Phase Behavior for the Carbon Dioxide + 2-Butanol System: Experimental Measurements and Modeling with Cubic Equations of State

Abstract

Vapor-liquid equilibria (VLE) data for the carbon dioxide + 2-butanol system at (298.15, 303.15, 308.15, 313.15, and 318.15) K up to 81.5 bar are reported. The experimental method used in this work was a static-analytical method with liquid and vapor phase sampling. The new experimental results are discussed and compared with available literature data. Measured VLE data and literature data for the carbon dioxide + 2-butanol system were modeled with a general cubic equation of state (GEOS), Peng-Robinson (PR) equation of state (EoS), and Soave-Redlich-Kwong (SRK) EoS using classical van der Waals (two-parameter conventional mixing rule, 2PCMR) mixing rules.
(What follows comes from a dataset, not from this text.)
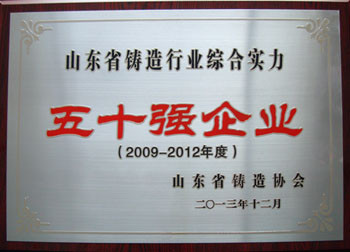 卓爾公司榮獲“山東省鑄造行業(yè)綜合實力2009-2012五十強企業(yè)”稱號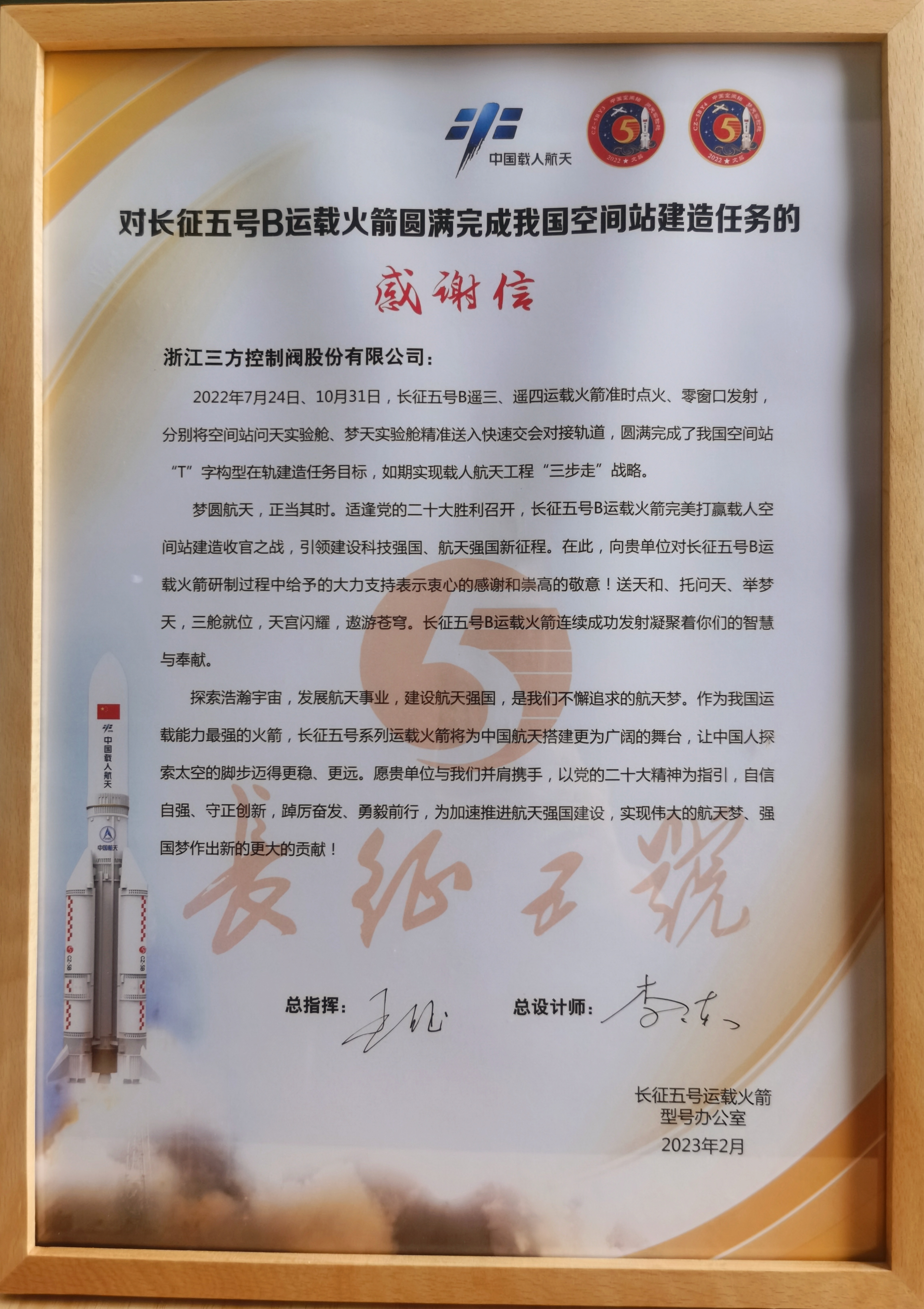 对长征五号B运载火箭圆满完成我国空间站建造任务的感谢信

A single set of interaction parameters for each equation of state, representing exactly the experimental critical pressure maximum (CPM) and the experimental temperature of the upper critical end point (UCEP), was used to calculate the phase behavior in the binary mixture carbon dioxide + 2-butanol in a wide range of temperatures [(278.21 to 512.3) K]. The GEOS equation is more reliable for predicting the critical curve and the bubble-point lines, and it is less exact for predicting the gas phase composition at higher temperatures.